_Listed entries_.

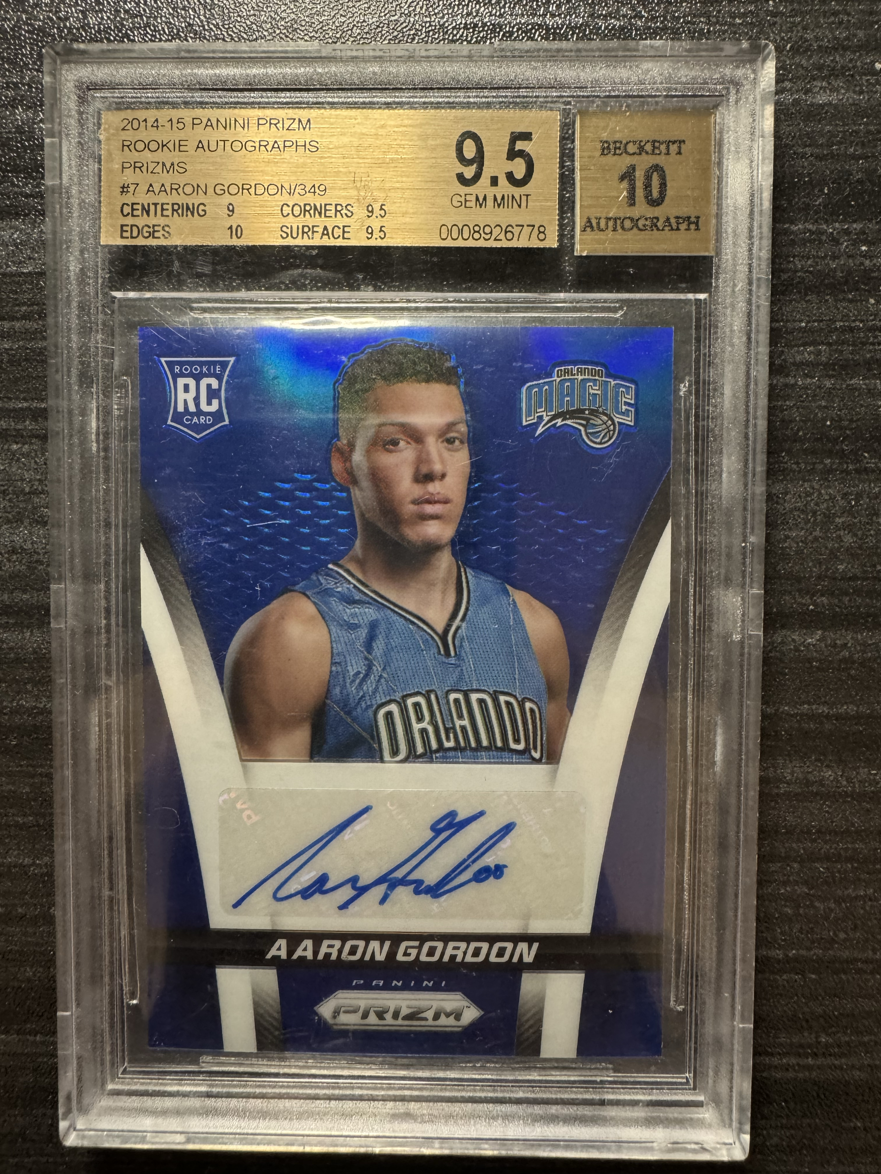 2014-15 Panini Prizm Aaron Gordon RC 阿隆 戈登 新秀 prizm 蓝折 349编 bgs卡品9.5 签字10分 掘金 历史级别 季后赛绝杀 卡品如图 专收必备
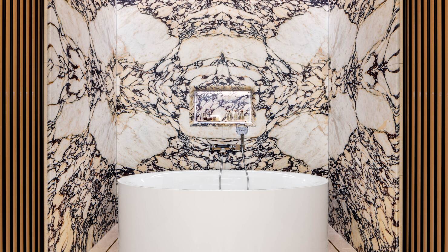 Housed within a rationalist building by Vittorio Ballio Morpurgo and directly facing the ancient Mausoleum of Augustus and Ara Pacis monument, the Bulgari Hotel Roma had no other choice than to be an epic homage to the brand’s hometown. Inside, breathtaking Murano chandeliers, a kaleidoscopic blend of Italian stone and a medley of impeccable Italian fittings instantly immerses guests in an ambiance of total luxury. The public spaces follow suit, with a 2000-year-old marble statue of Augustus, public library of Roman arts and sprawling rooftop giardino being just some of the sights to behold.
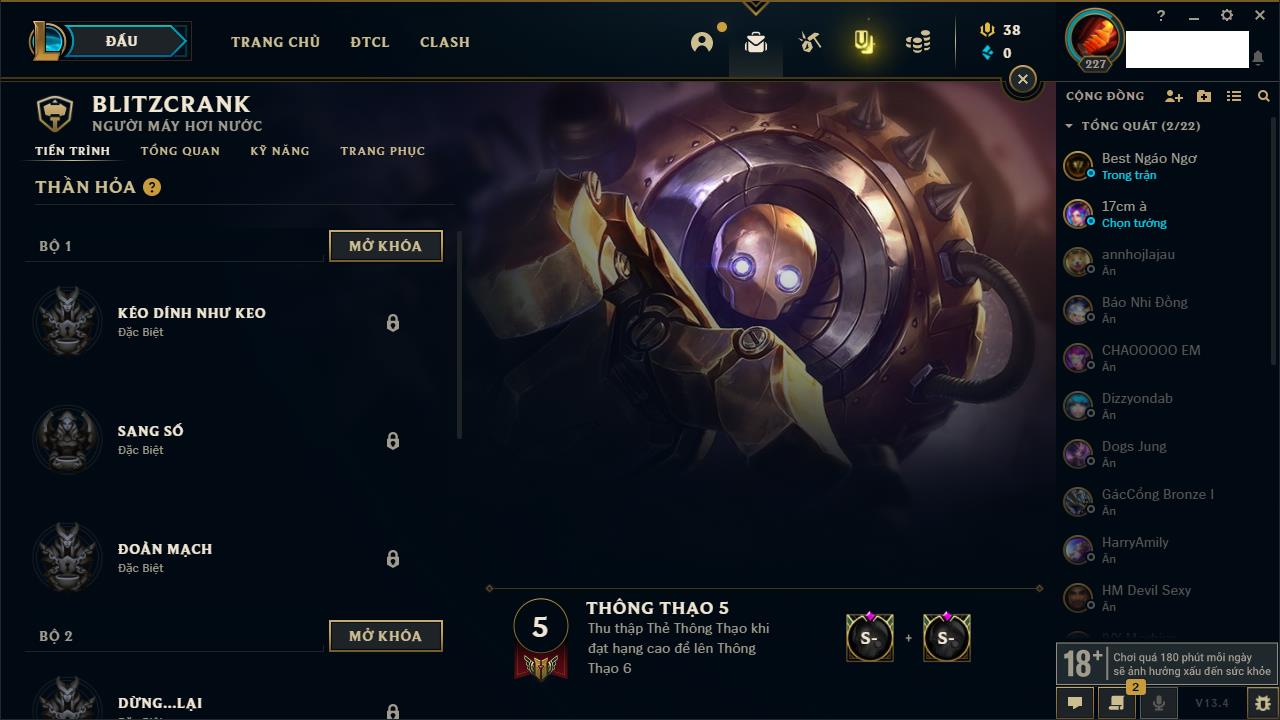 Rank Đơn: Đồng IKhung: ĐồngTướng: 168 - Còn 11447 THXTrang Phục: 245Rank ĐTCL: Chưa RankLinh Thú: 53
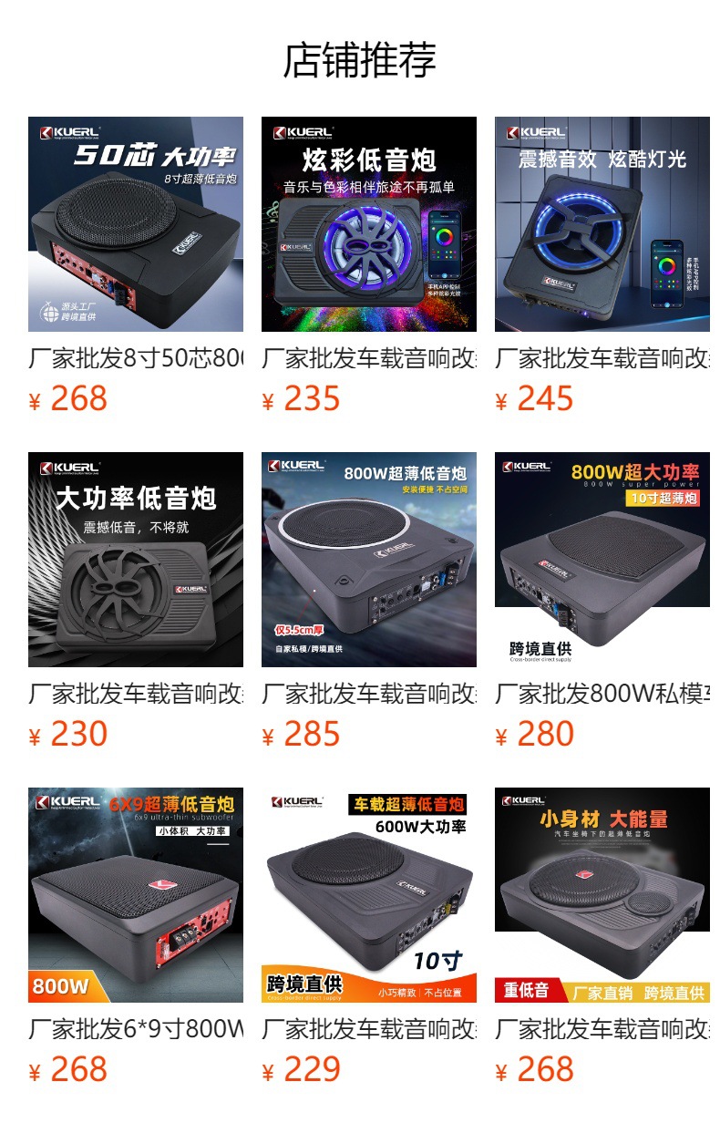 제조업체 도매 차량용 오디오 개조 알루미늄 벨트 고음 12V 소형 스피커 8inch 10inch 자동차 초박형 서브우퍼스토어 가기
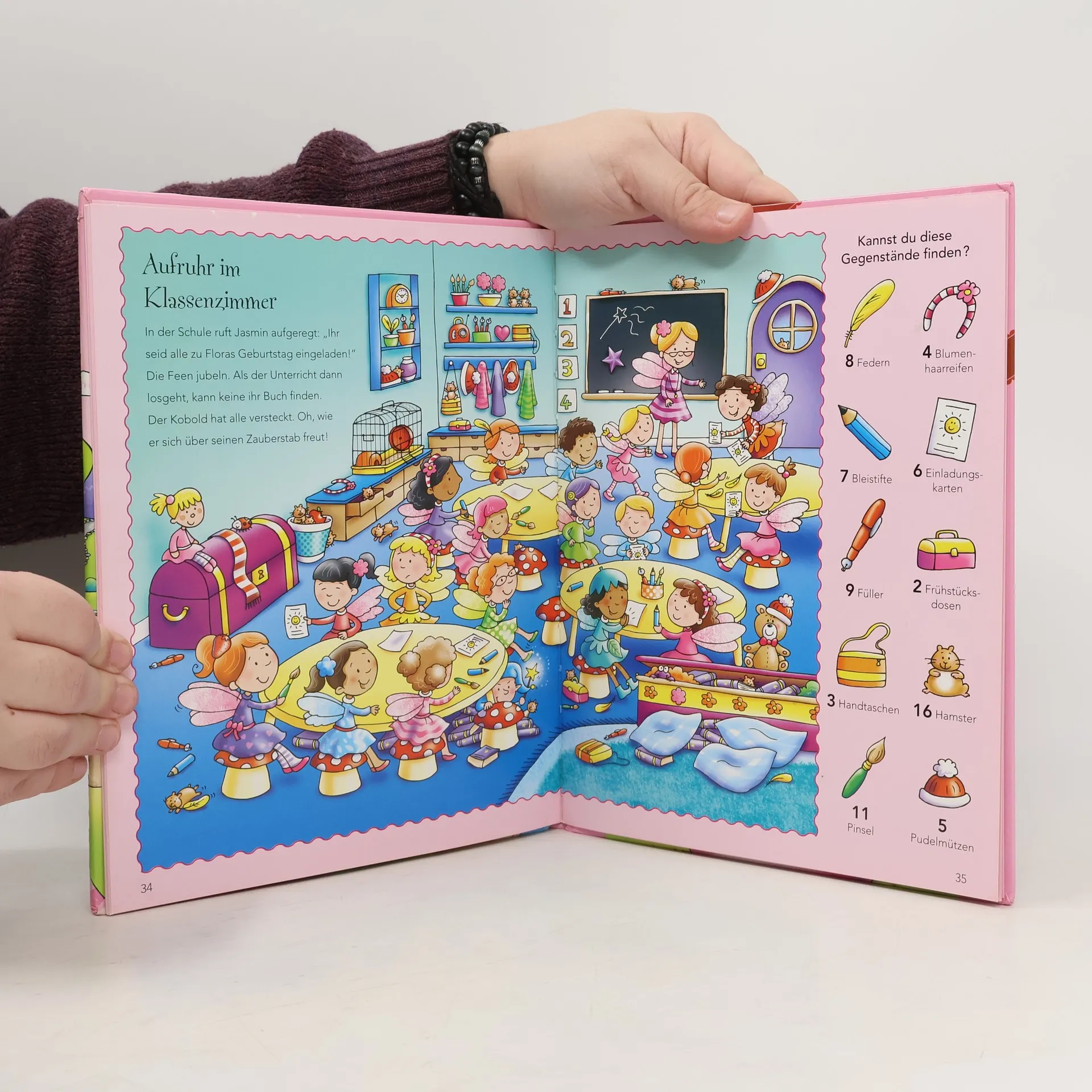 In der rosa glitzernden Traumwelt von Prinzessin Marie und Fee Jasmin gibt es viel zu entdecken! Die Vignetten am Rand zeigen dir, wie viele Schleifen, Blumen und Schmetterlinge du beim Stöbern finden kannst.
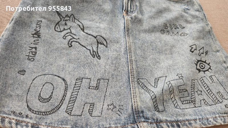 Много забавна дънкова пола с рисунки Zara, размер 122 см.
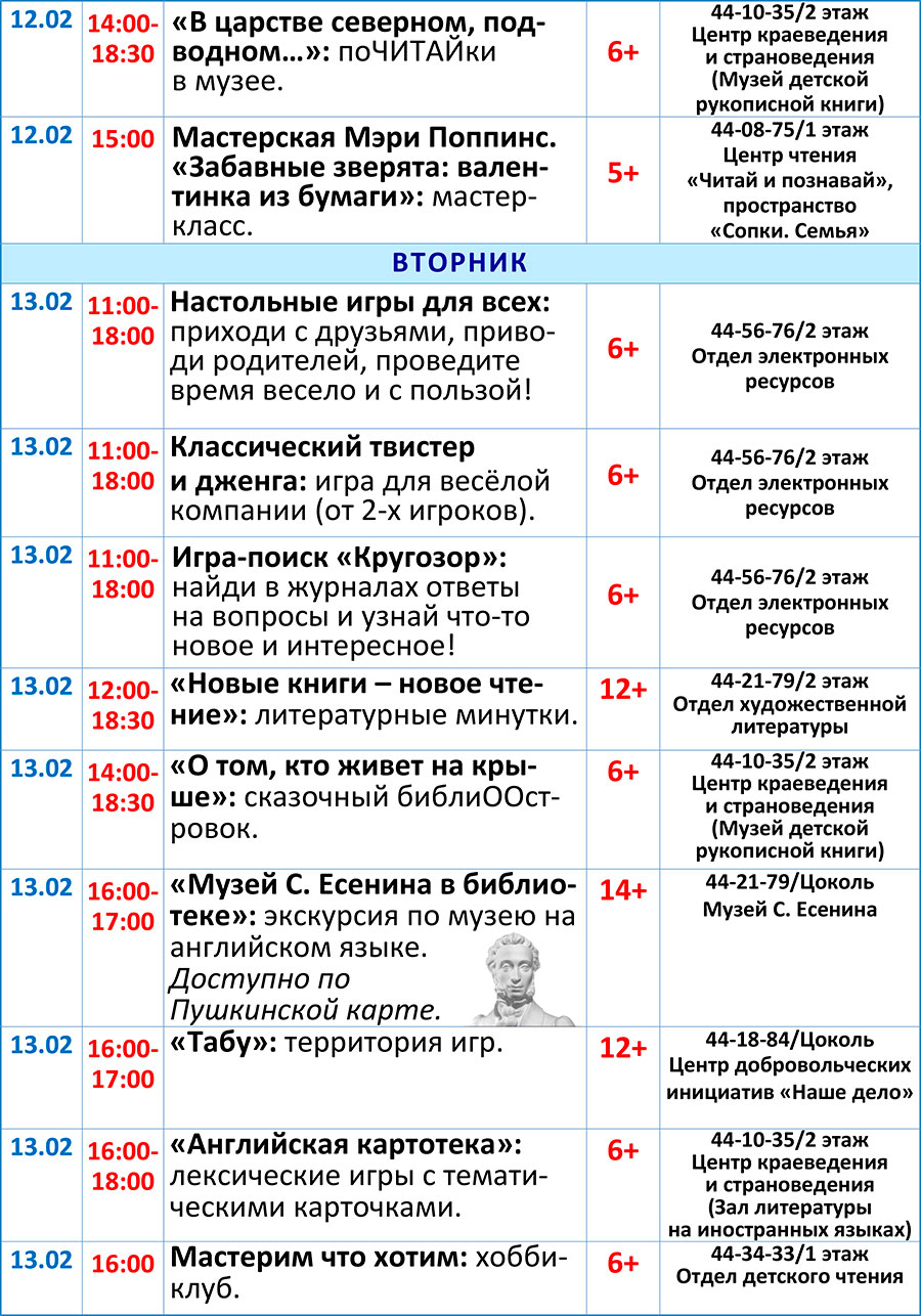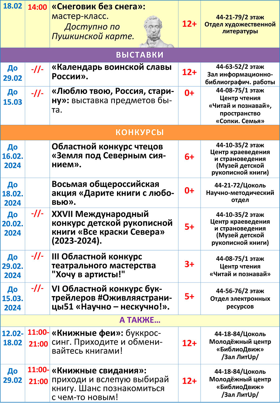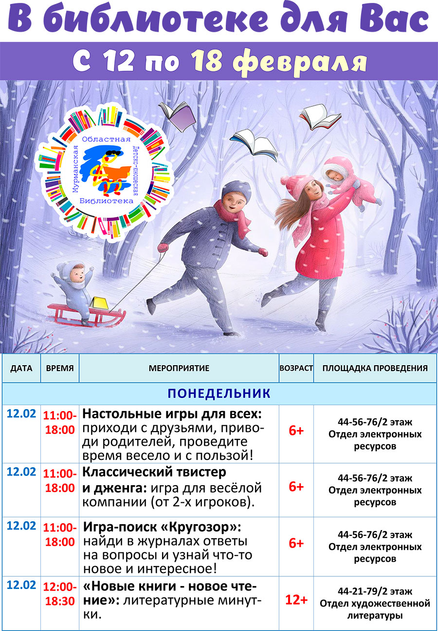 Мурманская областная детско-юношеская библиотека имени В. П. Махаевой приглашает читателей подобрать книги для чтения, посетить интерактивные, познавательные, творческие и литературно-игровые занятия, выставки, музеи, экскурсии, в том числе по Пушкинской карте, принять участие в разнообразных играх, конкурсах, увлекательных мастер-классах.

_Problem to work on_.
Output the records above in their entirety and exactly, leaving out all images.

_Solution below_.
 2014-15 Panini Prizm Aaron Gordon RC 阿隆 戈登 新秀 prizm 蓝折 349编 bgs卡品9.5 签字10分 掘金 历史级别 季后赛绝杀 卡品如图 专收必备
 Housed within a rationalist building by Vittorio Ballio Morpurgo and directly facing the ancient Mausoleum of Augustus and Ara Pacis monument, the Bulgari Hotel Roma had no other choice than to be an epic homage to the brand’s hometown. Inside, breathtaking Murano chandeliers, a kaleidoscopic blend of Italian stone and a medley of impeccable Italian fittings instantly immerses guests in an ambiance of total luxury. The public spaces follow suit, with a 2000-year-old marble statue of Augustus, public library of Roman arts and sprawling rooftop giardino being just some of the sights to behold.
 Rank Đơn: Đồng IKhung: ĐồngTướng: 168 - Còn 11447 THXTrang Phục: 245Rank ĐTCL: Chưa RankLinh Thú: 53
 제조업체 도매 차량용 오디오 개조 알루미늄 벨트 고음 12V 소형 스피커 8inch 10inch 자동차 초박형 서브우퍼스토어 가기
 In der rosa glitzernden Traumwelt von Prinzessin Marie und Fee Jasmin gibt es viel zu entdecken! Die Vignetten am Rand zeigen dir, wie viele Schleifen, Blumen und Schmetterlinge du beim Stöbern finden kannst.
 Много забавна дънкова пола с рисунки Zara, размер 122 см.
 Мурманская областная детско-юношеская библиотека имени В. П. Махаевой приглашает читателей подобрать книги для чтения, посетить интерактивные, познавательные, творческие и литературно-игровые занятия, выставки, музеи, экскурсии, в том числе по Пушкинской карте, принять участие в разнообразных играх, конкурсах, увлекательных мастер-классах.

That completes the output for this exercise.